- _Recorded data_
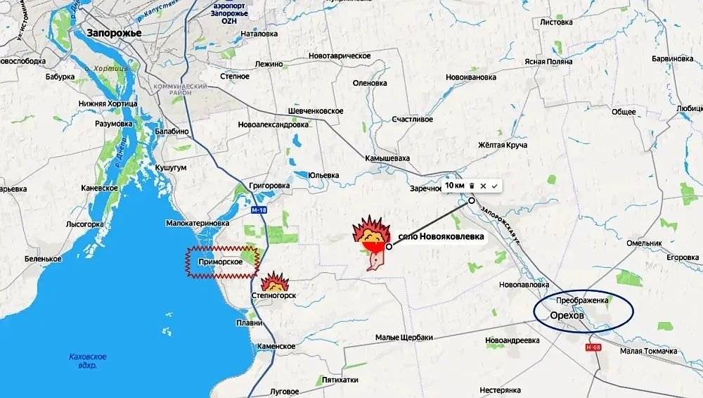 Это наступление более важно тем, что российская армия ведет охват крупного города Орехов с восточного (для гарнизона противника) фланга. От Новояковлевки до важнейшей трассы Н-08 и железной дороги, соединяющих Орехов с Запорожьем, по прямой около десяти километров. Это означает, что снабжение группировки ВСУ в крупнейшем городе на юго-восточных подступах к областному центру Запорожья уже под полным контролем беспилотной авиации и артиллерии ВС РФ.
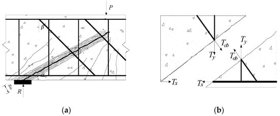 Shear failure and diagonal crack reinforcement internal force: (a) shear compression failure; and (b) schematic diagram of steel bars at the diagonal crack.
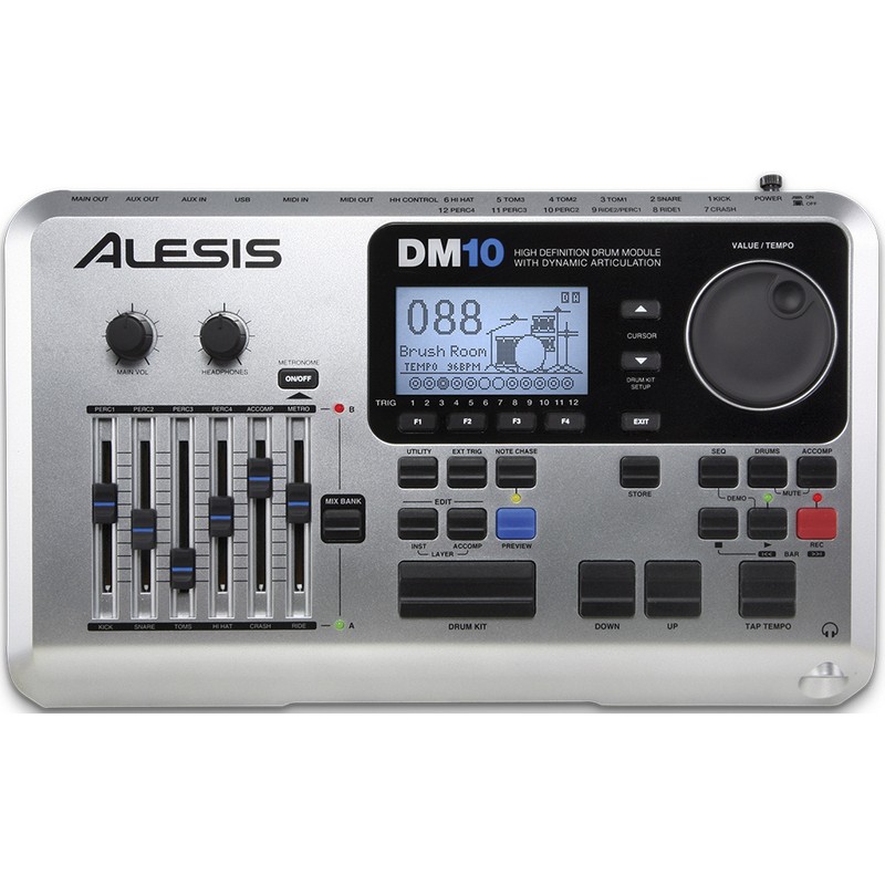 ALESIS DM10 - перший ударні модулі для завантаження нових тембрів з комп'ютера через USB-з'єднання. Це дозволить постійно оновлювати тембри, зберігаючи при цьому можливість використовувати сучасні і просунуті тембри. Модуль ALESIS DM10 як інтерфейс тригера до MIDI для продуктивності та відстеження за допомогою програмних модулів, таких як BFD, Toontrack та Reason. Для практики можна виконувати паралельно зі звуком внутрішнього секвенсера ALESIS DM10, змішувати результат і записувати його в iPod або інший MP3-плеєр для подальшого відтворення. ALESIS DM10 оснащений 12 входами тригерів, які ідеально підходять для користувальницьких конфігурацій. Верхня панель полегшує створення власних сумішей.
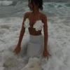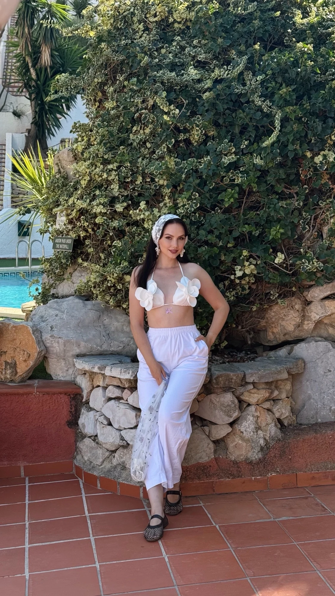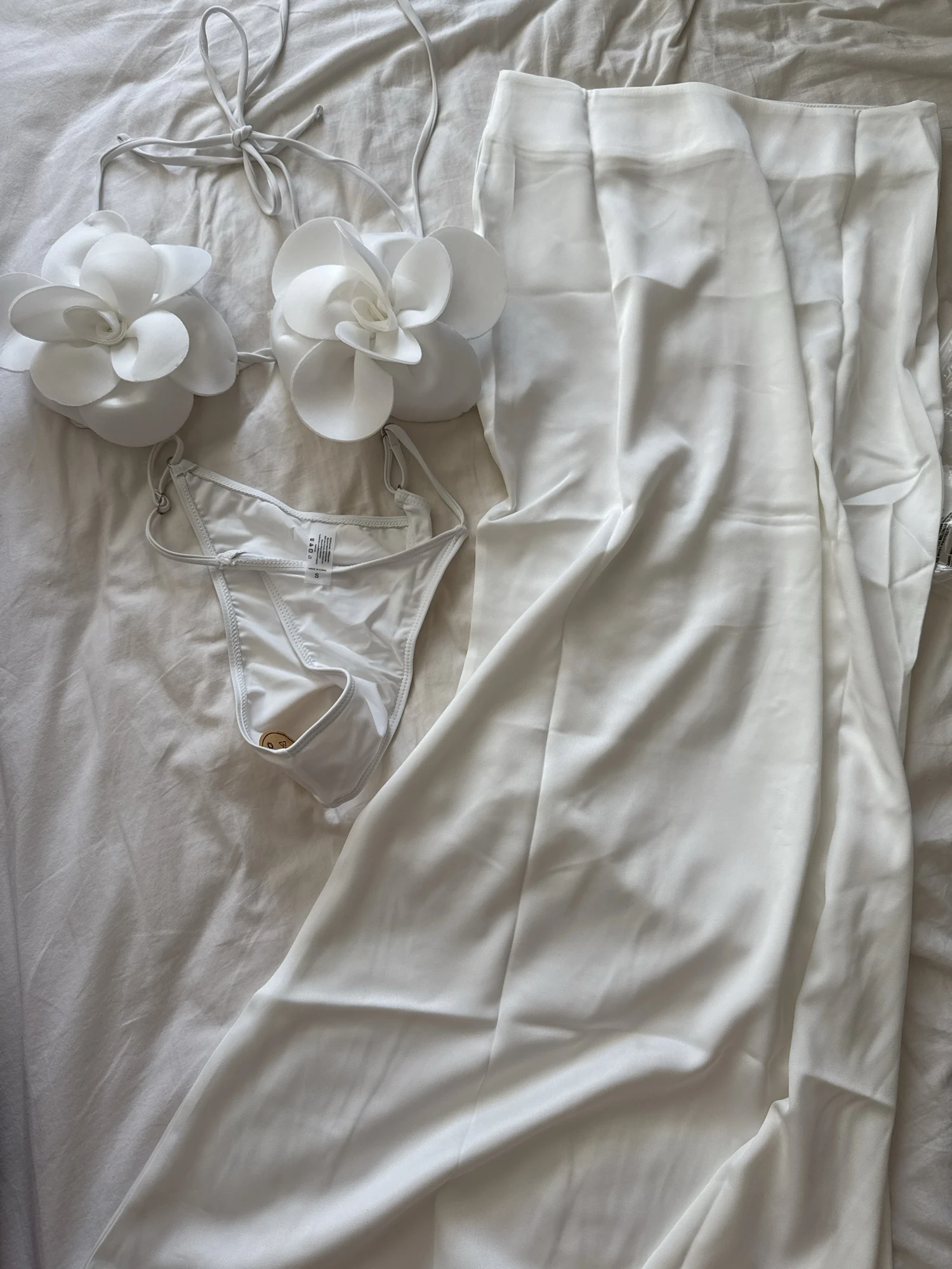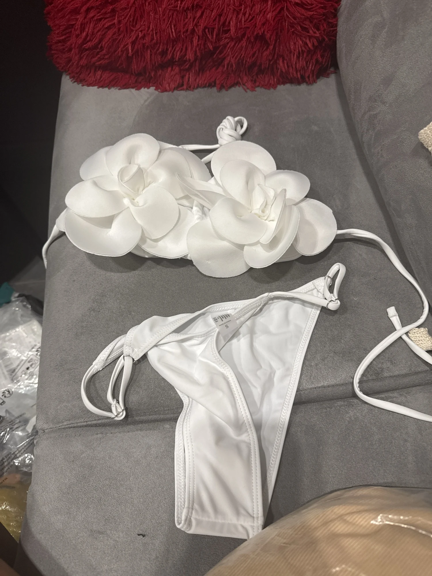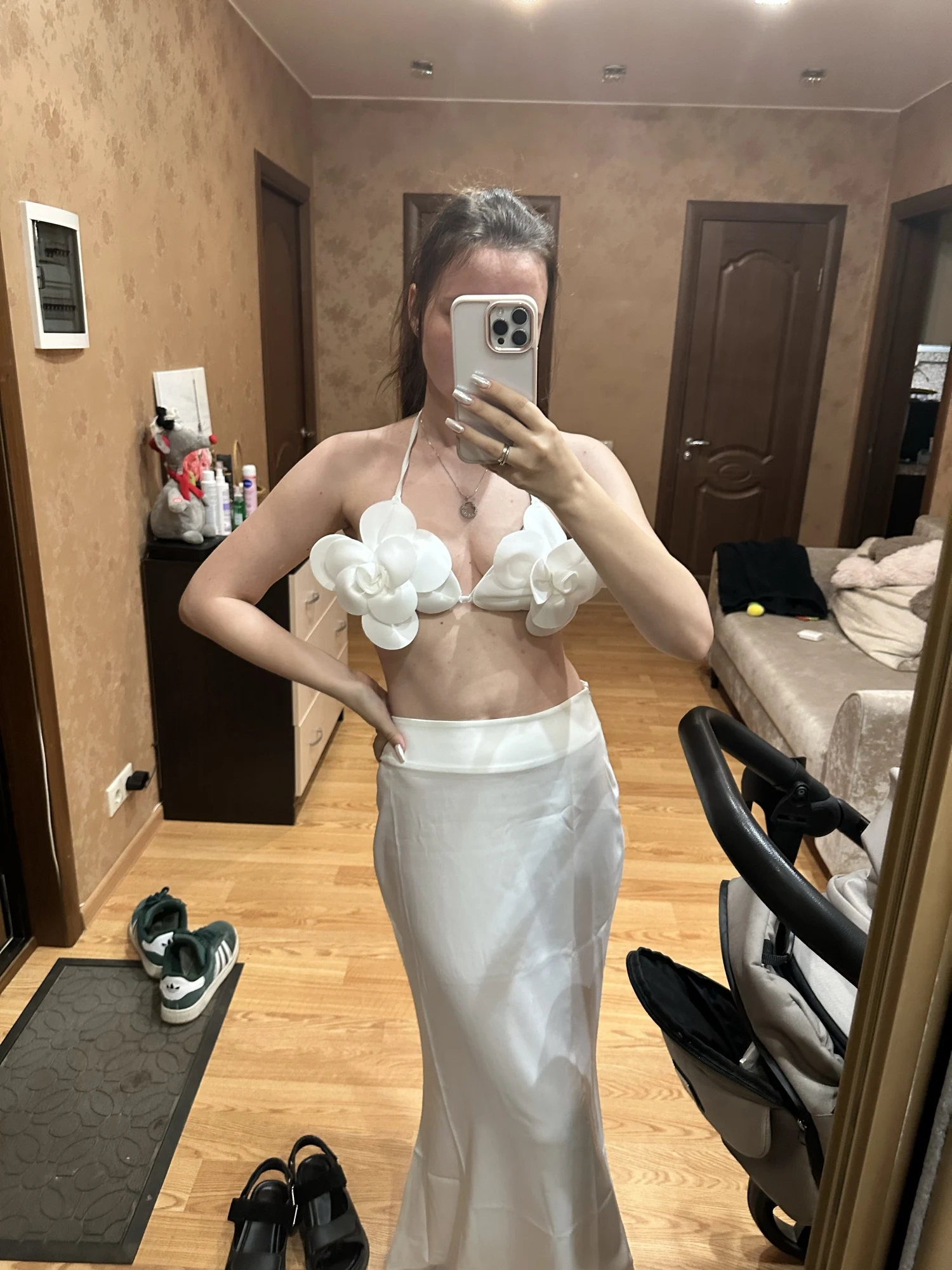 Arrived with a slight delay of +-30 days, there is time to wait. The quality is good, the skirt is included in the set, everything is neatly folded (I thought everything would be wrinkled). I ordered model s, I have size 42-44, everything fits well. The skirt doesn’t ride up on the hips like others say, it fits me perfectly without needing alterations. My butt isn’t big, the panties bunch up a bit and look bad, but it’s not for lounging or swimming. It’s probably great for a photoshoot because all these flowers will droop when wet, I think they’ll also sag. . And it will look so beautiful in the photo, I think that some trimming will be needed because it doesn’t lie properly and sticks out. The skirt is see-through. The panties are adjustable and have a low-rise front. Overall, I liked everything. Thanks to the seller.

- _What to produce_
Exact repetition required: repeat the first line of the listing above, the line containing "ALESIS DM10 - перший", and every line between, leaving out pictures.

- _Your response_
 Это наступление более важно тем, что российская армия ведет охват крупного города Орехов с восточного (для гарнизона противника) фланга. От Новояковлевки до важнейшей трассы Н-08 и железной дороги, соединяющих Орехов с Запорожьем, по прямой около десяти километров. Это означает, что снабжение группировки ВСУ в крупнейшем городе на юго-восточных подступах к областному центру Запорожья уже под полным контролем беспилотной авиации и артиллерии ВС РФ.
 Shear failure and diagonal crack reinforcement internal force: (a) shear compression failure; and (b) schematic diagram of steel bars at the diagonal crack.
 ALESIS DM10 - перший ударні модулі для завантаження нових тембрів з комп'ютера через USB-з'єднання. Це дозволить постійно оновлювати тембри, зберігаючи при цьому можливість використовувати сучасні і просунуті тембри. Модуль ALESIS DM10 як інтерфейс тригера до MIDI для продуктивності та відстеження за допомогою програмних модулів, таких як BFD, Toontrack та Reason. Для практики можна виконувати паралельно зі звуком внутрішнього секвенсера ALESIS DM10, змішувати результат і записувати його в iPod або інший MP3-плеєр для подальшого відтворення. ALESIS DM10 оснащений 12 входами тригерів, які ідеально підходять для користувальницьких конфігурацій. Верхня панель полегшує створення власних сумішей.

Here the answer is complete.